Segment Open
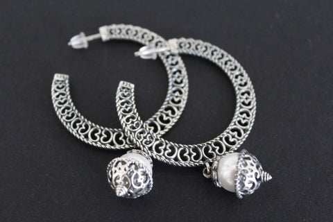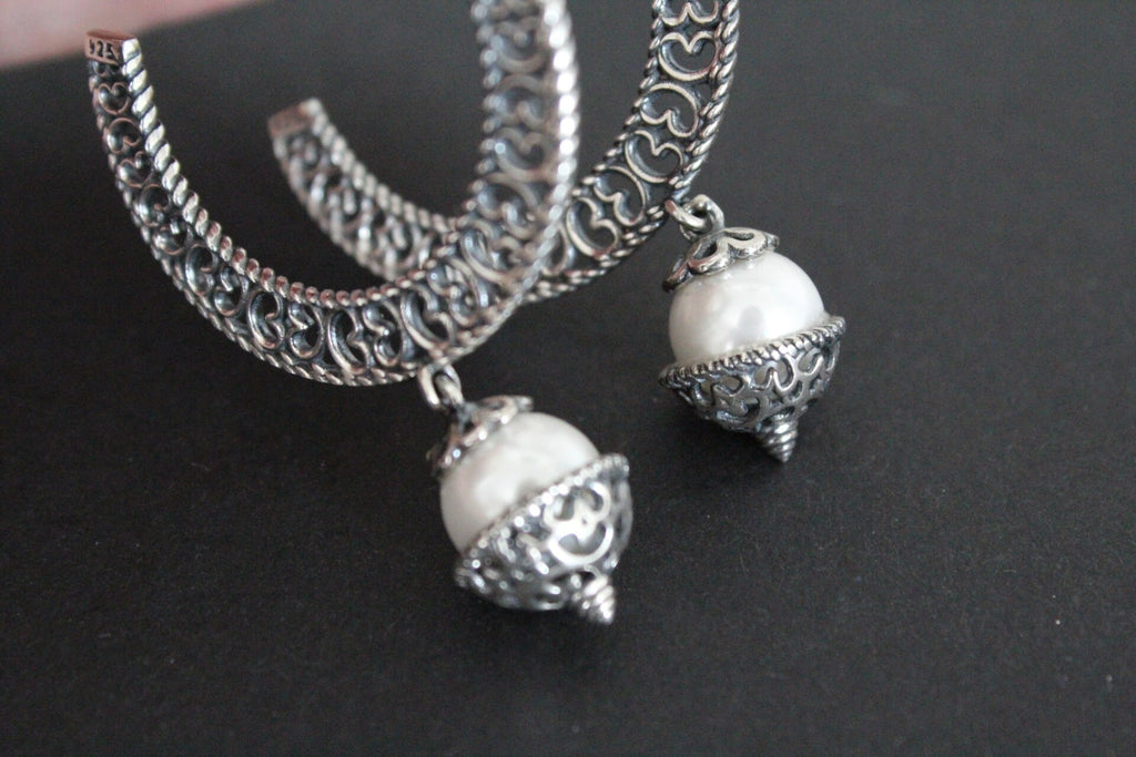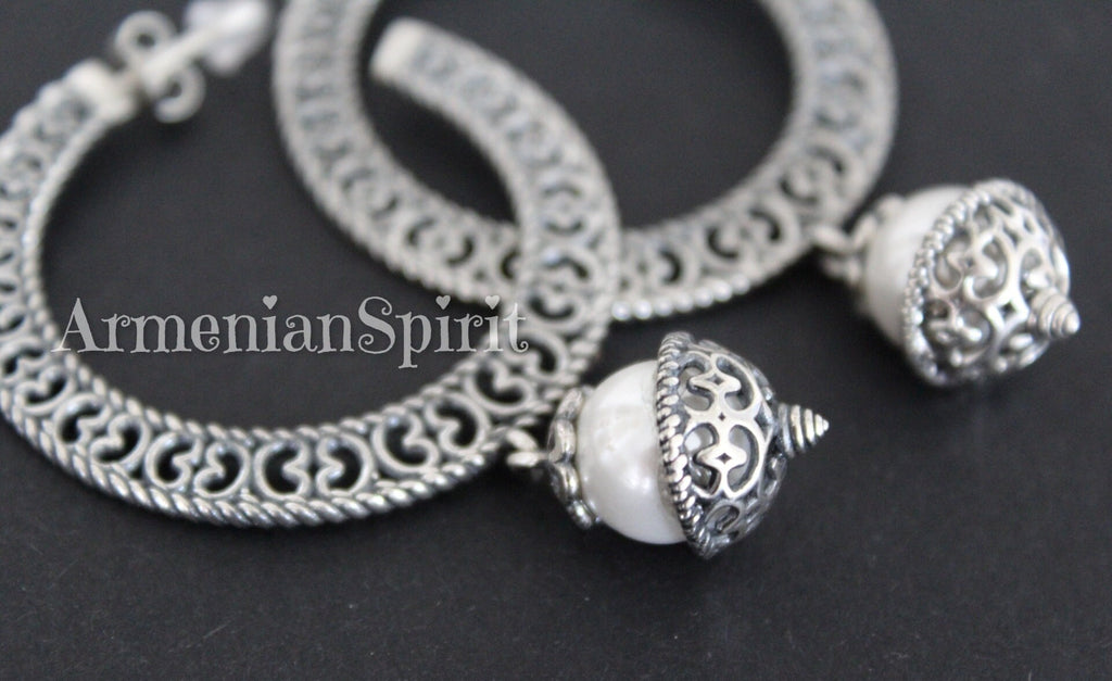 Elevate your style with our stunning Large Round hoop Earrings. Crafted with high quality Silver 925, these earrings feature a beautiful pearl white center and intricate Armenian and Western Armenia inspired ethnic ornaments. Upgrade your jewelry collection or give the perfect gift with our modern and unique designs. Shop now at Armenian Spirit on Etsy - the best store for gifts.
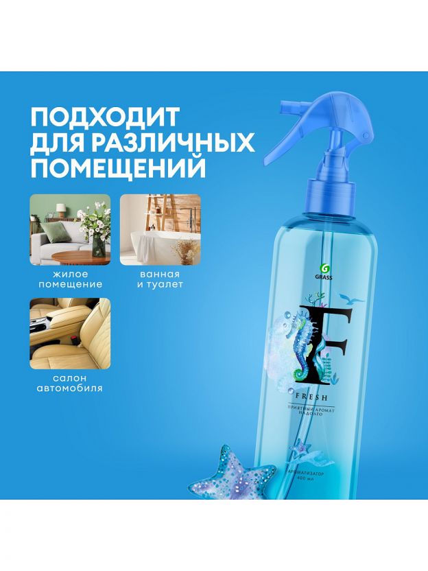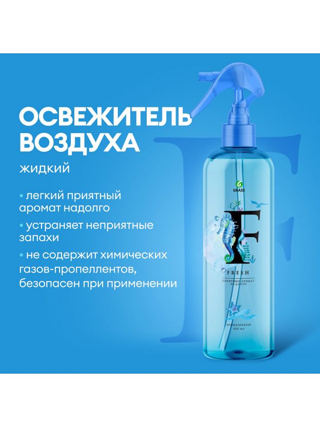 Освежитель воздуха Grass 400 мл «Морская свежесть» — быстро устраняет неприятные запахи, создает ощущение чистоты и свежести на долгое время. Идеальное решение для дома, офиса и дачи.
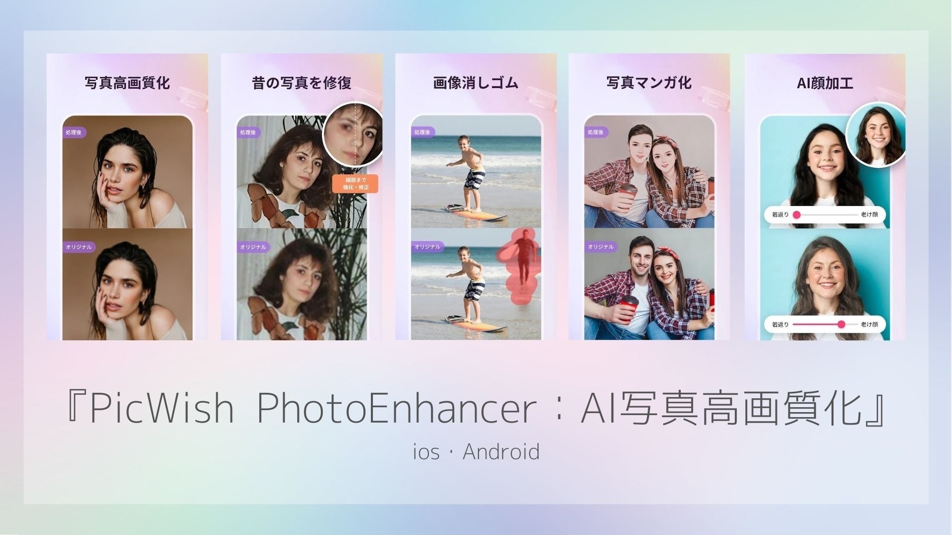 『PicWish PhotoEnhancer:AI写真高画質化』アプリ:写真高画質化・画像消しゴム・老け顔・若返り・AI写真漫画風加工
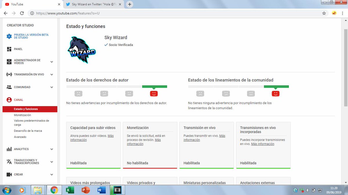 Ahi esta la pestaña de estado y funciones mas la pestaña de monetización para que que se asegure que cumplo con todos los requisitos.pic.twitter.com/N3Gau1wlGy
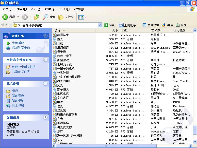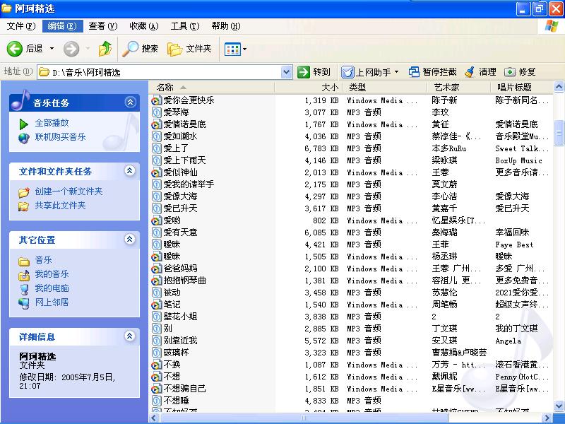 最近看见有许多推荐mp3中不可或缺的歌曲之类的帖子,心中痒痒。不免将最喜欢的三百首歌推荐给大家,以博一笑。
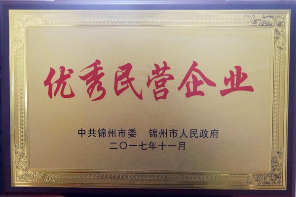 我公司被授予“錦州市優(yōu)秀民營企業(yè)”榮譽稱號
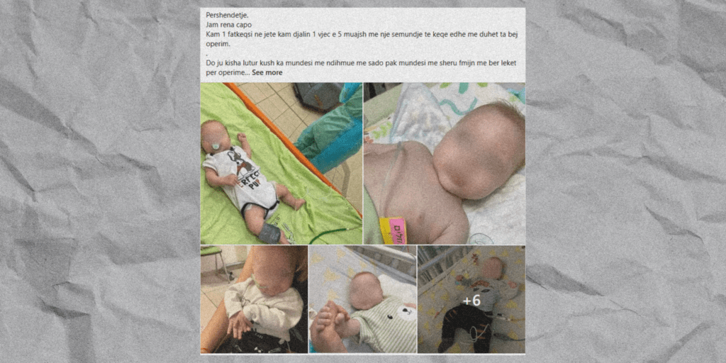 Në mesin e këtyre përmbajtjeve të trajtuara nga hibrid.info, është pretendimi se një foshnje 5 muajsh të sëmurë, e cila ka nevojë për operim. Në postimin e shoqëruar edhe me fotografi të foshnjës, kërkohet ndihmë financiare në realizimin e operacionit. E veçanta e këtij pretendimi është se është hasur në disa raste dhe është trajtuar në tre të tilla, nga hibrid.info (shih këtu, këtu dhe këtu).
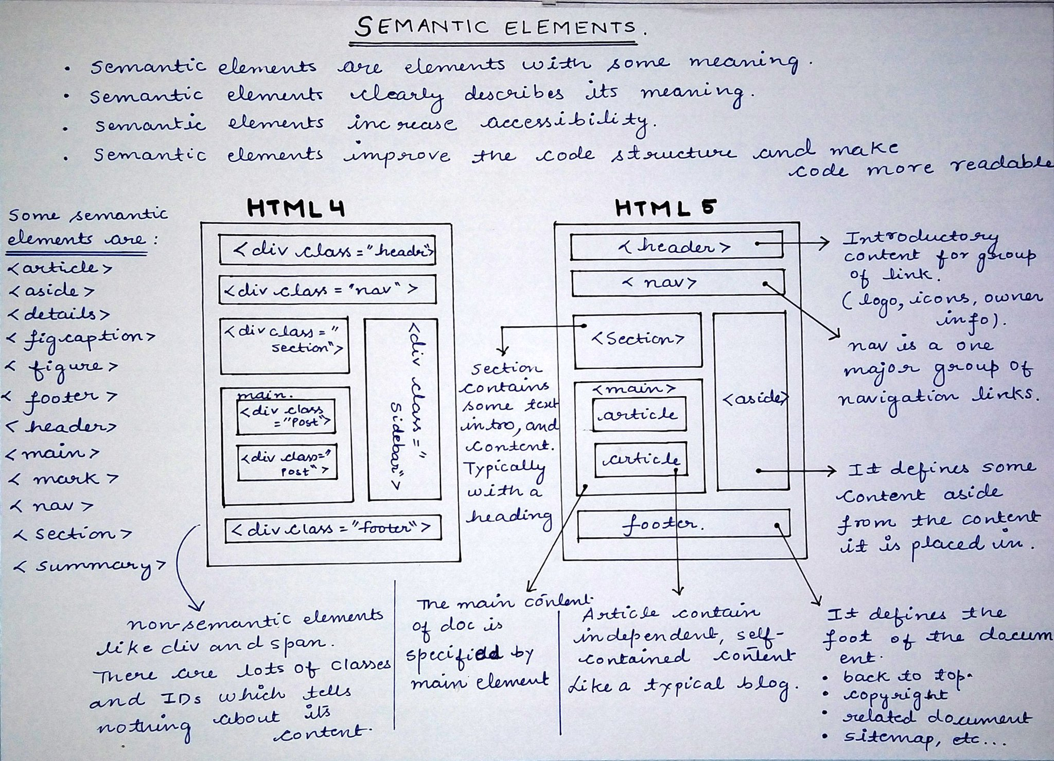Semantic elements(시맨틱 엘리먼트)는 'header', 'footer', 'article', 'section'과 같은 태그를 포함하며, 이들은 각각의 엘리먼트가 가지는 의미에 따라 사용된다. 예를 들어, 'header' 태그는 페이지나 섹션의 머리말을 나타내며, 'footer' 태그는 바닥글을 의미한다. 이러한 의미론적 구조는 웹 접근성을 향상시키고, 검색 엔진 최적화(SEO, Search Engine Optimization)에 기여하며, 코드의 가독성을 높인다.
Segment Closed
Aim of the exercise: Wherever a picture appears in the records above, skip it and retype everything else exactly.

Solution for this task:
 Elevate your style with our stunning Large Round hoop Earrings. Crafted with high quality Silver 925, these earrings feature a beautiful pearl white center and intricate Armenian and Western Armenia inspired ethnic ornaments. Upgrade your jewelry collection or give the perfect gift with our modern and unique designs. Shop now at Armenian Spirit on Etsy - the best store for gifts.
 Освежитель воздуха Grass 400 мл «Морская свежесть» — быстро устраняет неприятные запахи, создает ощущение чистоты и свежести на долгое время. Идеальное решение для дома, офиса и дачи.
 『PicWish PhotoEnhancer:AI写真高画質化』アプリ:写真高画質化・画像消しゴム・老け顔・若返り・AI写真漫画風加工
 Ahi esta la pestaña de estado y funciones mas la pestaña de monetización para que que se asegure que cumplo con todos los requisitos.pic.twitter.com/N3Gau1wlGy
 最近看见有许多推荐mp3中不可或缺的歌曲之类的帖子,心中痒痒。不免将最喜欢的三百首歌推荐给大家,以博一笑。
 我公司被授予“錦州市優(yōu)秀民營企業(yè)”榮譽稱號
 Në mesin e këtyre përmbajtjeve të trajtuara nga hibrid.info, është pretendimi se një foshnje 5 muajsh të sëmurë, e cila ka nevojë për operim. Në postimin e shoqëruar edhe me fotografi të foshnjës, kërkohet ndihmë financiare në realizimin e operacionit. E veçanta e këtij pretendimi është se është hasur në disa raste dhe është trajtuar në tre të tilla, nga hibrid.info (shih këtu, këtu dhe këtu).
Semantic elements(시맨틱 엘리먼트)는 'header', 'footer', 'article', 'section'과 같은 태그를 포함하며, 이들은 각각의 엘리먼트가 가지는 의미에 따라 사용된다. 예를 들어, 'header' 태그는 페이지나 섹션의 머리말을 나타내며, 'footer' 태그는 바닥글을 의미한다. 이러한 의미론적 구조는 웹 접근성을 향상시키고, 검색 엔진 최적화(SEO, Search Engine Optimization)에 기여하며, 코드의 가독성을 높인다.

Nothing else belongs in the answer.